制約を使用してリレーションシップを作成する

Cars テーブルの [条件] フィールドに挿入された新しい値が CarCondition テーブルの条件フィールドの値と一致する必要がある場合は、次の手順に従って、"条件" という名前のフィールドに CarCondition と Cars の間にリレーションシップを作成できます。

  1. [作成] タブの [マクロとコード] グループで、[クエリ デザイン] をクリックします。

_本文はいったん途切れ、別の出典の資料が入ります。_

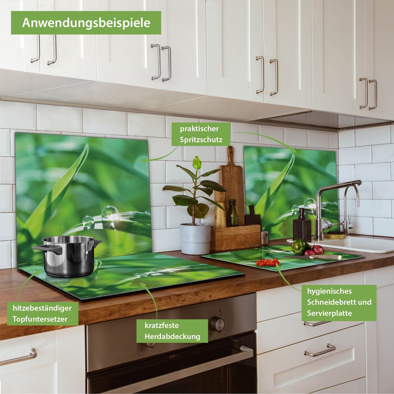 FUNKTION: Das banjado Schneidebrett mit Motiv Morgentau ist groß und rutschfest und damit ideal für Ihre Küche. Besonders praktisch. Das Schneidebrett ist vielseitig einsetzbar: ob als Spritzschutz hinter dem Herd für Ihre Küche oder als Glas Schneidebrett als hygienische und geruchsneutrale Unterlage. Sie können ebenfalls heiße Töpfe und Pfannen bis 100°C auf der Herdplattenabdeckung abstellen. Sie erhalten ein Multitalent für Ihre Küche. QUALITÄT: Die Schneideplatte Glas besteht aus hochwertigem, gehärtetem und hitzebeständigem Glas. Wählen Sie aus einem unserer zahlreichen Motive das passende Design für Ihre Küche aus. DETAILS: Das Schneidebrett Glas groß ist in verschiedenen Größen verfügbar. Sie erhalten separate Gumminoppen damit Ihr großes Schneidebrett rutschfest in der Küche steht. VIELSEITIG: Das Schneidebrett modern ist ein Allrounder - als Schneideunterlage Küche direkt auf dem Herd oder separat und als Spritzschutz an der Wand aufgestellt - ein praktisches Küchenutensil. BANJADO: Auf Wunsch fertigen wir das Glas Schneide Brett auch als Sondergröße an. Mehrteilige Platten sind auch möglich. Kontaktieren Sie uns gern für eine Spezialanfertigung Ihrer Glasplatte Küche.
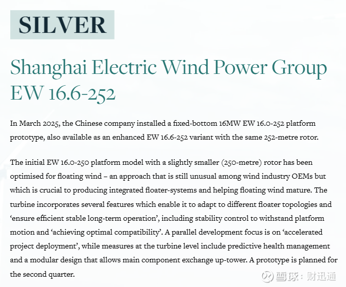 近日,国际权威风能杂志Windpower Monthly揭晓“2025年度最佳风电机组”名单。电气风电(688660.SH)共有三款海陆产品上榜,分别入选全球最佳陆上风电机组(6.9MW以下)、全球最佳陆上风电机组(7.0MW以上)以及全球最佳海上风电机组。其中,EW16.0-252海上机组摘获全球最佳海上风电机组榜单银奖。
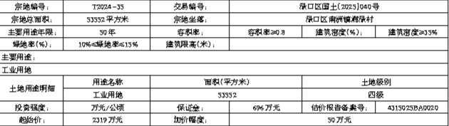 T2024-35:(一)须按照株洲市渌口区自然局2024年11月25日出具的《株洲市渌口区规划条件通知书》(编号202411008)及蓝线图实施。(二)该宗地以标准地供地,固定资产投入强度≥216万元/亩、地均收入≥320万元/亩、地均税收≥20万元/亩。(三)竞得人在成交后10个工作日内签订《国有建设用地使用权出让合同》,按现状交地。出让金自《国有建设用地使用权出让合同》签订之日起1个月内缴清50%,3个月内全部缴清。(四)相关用地矛盾由渌口高新区、竞得人共同协调处理。
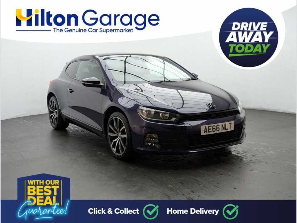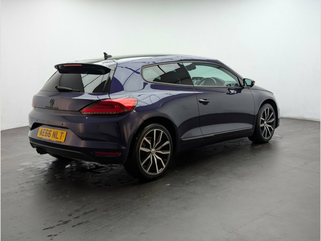 18" alloys, Park assist, Cruise control, Winter pack and Parking sensors - front and rear. Last service done at 41558 miles on 19/10/2023. This 2016 Volkswagen Scirocco TSI GT Black Edition is a superb example of a sporty yet practical coupé. Powered by a responsive 2.0 litre petrol engine, this Euro 6 compliant model offers an engaging driving experience with a 0-60mph time of just 7.4 seconds. The GT Black Edition trim level ensures a stylish appearance, complemented by chrome twin exhaust tailpipes. Inside, you'll find comfort and convenience with the included Winter Pack, which features heated seats for those colder journeys. For effortless parking, this Scirocco is equipped with Park Assist and both front and rear parking sensors, making manoeuvring in tight spaces a breeze. The generous boot space provides ample room for luggage or shopping, proving that this car doesn't compromise on practicality. 12V Socket - Luggage Compartment, 18in Alloy Wheels - Lisbon Black, 2 Front Three-Point Seat Belts with Tens, 2 Zone Electronic Climate Control with A, ABS - Anti-Lock Braking System with HBA , Airbags, Alarm with Interior Protection, Aluminium Look Pedals, Armrest - Front Centre with Storage Comp, Automatic Coming Home Lighting Function, Bag Hooks in the Luggage Compartment x2, Black Door Mirrors with Integrated Indic, Black Roof and Rear Roof Spoiler, Black Rooflining, Body Coloured Bumpers and Door Handles, Brushed Aluminium Instrument Surrounds, Car Net - Guide and Inform (3 Year Subsc, Carpet Mats - Front and Rear, Coasting Function, Composition Media System, Cruise Control, Cup Holders
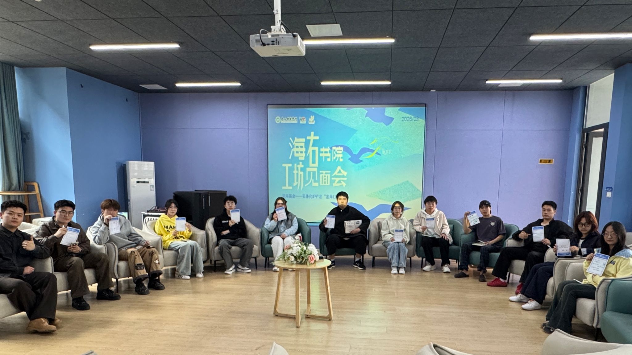 3月27日14:30,海右书院109房间内座无虚席,一场别开生面的工坊见面会在此举行。与以往不同的是,这次会议没有老师“坐镇”,只有各工坊学生主理人与海右书院发展导师陈治宇围坐一堂,以坦诚交流的方式,直面工坊运行中的真实痛点,在思想碰撞中探寻从“想法”到“产出”的转化路径。
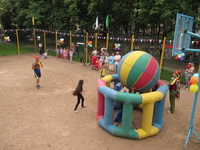 Было очень интересно и весело. Ребята катались на самокатах, прыгали на мячах, дрались мешками, принимали участие в эстафетах и других интересных конкурсах.

  2. [デザイン ] タブ の [クエリの種類 ] グループで [データ定義] をクリックします

    デザイン グリッドが非表示で、[オブジェクトの表示SQLタブが表示されます。

  3. 次のステートメントをSQLします。

    ALTER TABLE Cars ALTER COLUMN Condition TEXT CONSTRAINT FKeyCondition REFERENCES CarCondition (条件)

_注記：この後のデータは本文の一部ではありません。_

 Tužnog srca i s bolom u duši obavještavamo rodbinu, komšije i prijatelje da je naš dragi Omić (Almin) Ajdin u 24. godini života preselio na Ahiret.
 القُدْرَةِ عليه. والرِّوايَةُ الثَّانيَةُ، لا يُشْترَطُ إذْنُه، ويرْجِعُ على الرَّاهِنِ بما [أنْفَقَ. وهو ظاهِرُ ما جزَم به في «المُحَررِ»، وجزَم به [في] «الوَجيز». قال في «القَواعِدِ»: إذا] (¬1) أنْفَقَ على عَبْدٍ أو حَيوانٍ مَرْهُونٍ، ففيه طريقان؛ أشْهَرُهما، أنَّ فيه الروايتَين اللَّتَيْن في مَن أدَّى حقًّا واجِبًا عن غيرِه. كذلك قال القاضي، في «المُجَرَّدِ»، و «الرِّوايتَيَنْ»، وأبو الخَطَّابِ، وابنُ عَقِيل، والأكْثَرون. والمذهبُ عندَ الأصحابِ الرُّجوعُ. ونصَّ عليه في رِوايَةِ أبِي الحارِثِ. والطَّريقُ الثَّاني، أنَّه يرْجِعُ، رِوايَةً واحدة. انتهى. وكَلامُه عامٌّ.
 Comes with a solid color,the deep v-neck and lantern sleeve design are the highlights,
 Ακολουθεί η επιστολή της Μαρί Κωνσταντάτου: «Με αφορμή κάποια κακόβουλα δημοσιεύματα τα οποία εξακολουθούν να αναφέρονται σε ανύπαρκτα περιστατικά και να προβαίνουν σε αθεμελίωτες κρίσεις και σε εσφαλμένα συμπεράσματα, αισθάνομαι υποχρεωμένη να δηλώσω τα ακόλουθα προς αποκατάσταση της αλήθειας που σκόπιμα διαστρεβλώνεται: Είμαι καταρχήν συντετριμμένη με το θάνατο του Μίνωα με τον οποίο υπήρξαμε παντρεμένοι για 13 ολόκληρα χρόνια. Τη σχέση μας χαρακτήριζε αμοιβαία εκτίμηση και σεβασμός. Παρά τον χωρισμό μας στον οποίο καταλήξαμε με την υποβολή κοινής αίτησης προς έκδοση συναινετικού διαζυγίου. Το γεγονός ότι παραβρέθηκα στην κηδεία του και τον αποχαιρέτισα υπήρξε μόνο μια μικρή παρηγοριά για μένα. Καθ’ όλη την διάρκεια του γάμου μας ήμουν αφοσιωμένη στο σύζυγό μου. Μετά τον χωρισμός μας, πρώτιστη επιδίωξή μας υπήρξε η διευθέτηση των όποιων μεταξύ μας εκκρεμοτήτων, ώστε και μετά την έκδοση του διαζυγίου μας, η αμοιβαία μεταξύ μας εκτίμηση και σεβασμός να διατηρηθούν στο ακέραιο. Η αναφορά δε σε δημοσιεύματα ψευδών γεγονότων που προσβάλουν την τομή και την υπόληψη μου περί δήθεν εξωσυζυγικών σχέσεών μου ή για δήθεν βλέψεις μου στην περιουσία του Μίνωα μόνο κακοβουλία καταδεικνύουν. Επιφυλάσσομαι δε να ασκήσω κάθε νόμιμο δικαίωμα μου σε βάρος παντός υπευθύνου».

  4. [デザイン] タブの [結果] グループで、[実行] をクリックします。

複数フィールドの制約

複数フィールド CONSTRAINT 句は、フィールド定義句の外側でのみ使用できます。次の構文を使用します。

CONSTRAINT constraint_name 
{PRIMARY KEY (pk_field1[, pk_field2[, ...]]) |
UNIQUE (unique1[, unique2[, ...]]) |
NOT NULL (notnull1[, notnull2[, ...]]) |
FOREIGN KEY [NO INDEX] (ref_field1[, ref_field2[, ...]])
REFERENCES foreign_table
[(fk_field1[, fk_field2[, ...]])] |
[ON UPDATE {CASCADE | SET NULL}]
[ON DELETE {CASCADE | SET NULL}]}

Cars テーブルを使用する別の例を考え出してください。 Cars テーブルの 2 つのレコードに、名前、年、条件、価格の値のセットが同じでいなことを確認したいとします。 次の手順に従って、これらのフィールドに適用する UNIQUE 制約を作成できます。

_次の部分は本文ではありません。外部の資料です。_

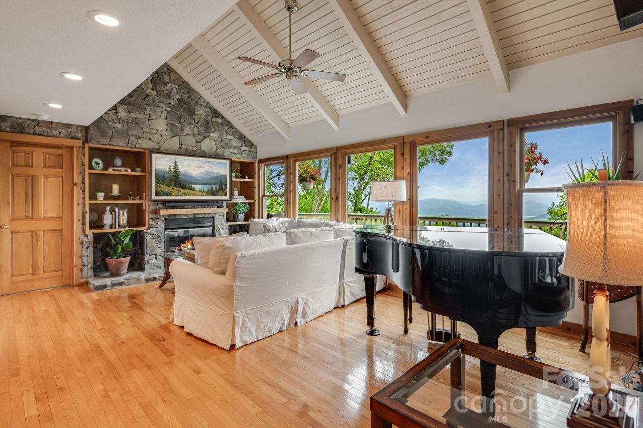 Welcome to Ivy Ridge in the heart of the Blue Ridge Mountains. This thoughtfully crafted home offers sweeping mountains views within the premier gated community, Mountain Air. Inside, you'll find warm hardwood floors flowing through the great room, a stunning stone gas fireplace, and beautifully detailed millwork highlighting the windows, doors, and dramatic vaulted ceilings.The primary is located on the main floor. A second bedroom on the main level makes an ideal office. One guest suite with an ensuite bath and private balcony sits in a secluded upstairs wing, while another spacious ensuite downstairs offers its own peaceful balcony retreat. Multiple ensuite bedrooms create an ideal setup for guests, offering both comfort and privacy so everyone feels at ease.This home includes a 1.5 car garage with separate doors for the car & golf cart. A golf cart and furnishings may be included with the sale if the buyer desires a turnkey experience. Residents enjoy the benefits of a well-maintained POA, which covers road maintenance, landscape, roof replacement, exterior painting, trash removal, and internet. Come experience 78° at 4,200 ft all summer long.
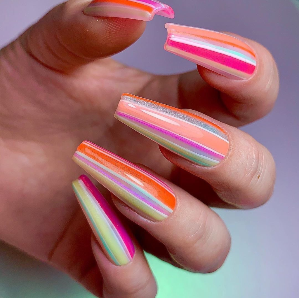 Further on, the beauty of the pink tips during the sunset is a metaphor for the sunset tips design. This is how it is. Every nail projects a well-thought-out strip pattern that diverts into the next one, actually, it is nothing else, but a beautiful summer sunset gradient. The short and even nails make this design both upscale and handy, it is suitable for the woman who is always in a hurry but never gives up her stylishness. The design here is a nod to the striped pattern which is trending in several fashion accessories this season.
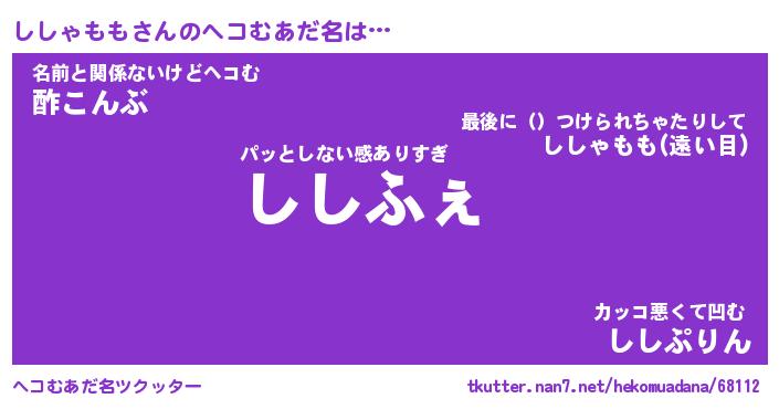 | 胡散臭い通販商品みたいなあだ名 | 『モテモテ間違いなし水晶球…その名も「ししゃもも」』 |
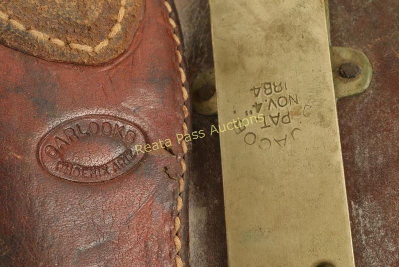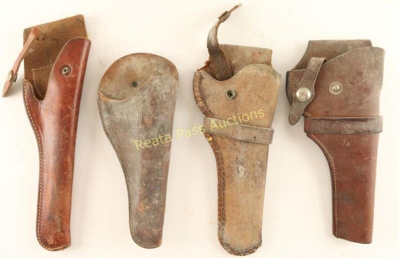 1 smooth brown leather stamped "Garlooks Phoenix, Ariz", 1 smooth brown leather stamped "Geo. Lawrence Steerhyde Portland, OR", 1 older holster with metal belt loop marked 'B. Jacob Pat. Nov. 4 1884' shows age and 1 older holster with whipstitched sides which also shows age and use.

  1. [作成] タブの [マクロとコード] グループで、[クエリ デザイン] をクリックします。

  2. [デザイン ] タブ の [クエリの種類 ] グループで [データ定義] をクリックします

    デザイン グリッドが非表示で、[オブジェクトの表示SQLタブが表示されます。

  3. 次のステートメントをSQLします。

    ALTER TABLE Cars ADD CONSTRAINT NoDupes UNIQUE (名前、年、条件、価格)

  4. [デザイン] タブの [結果] グループで、[実行] をクリックします。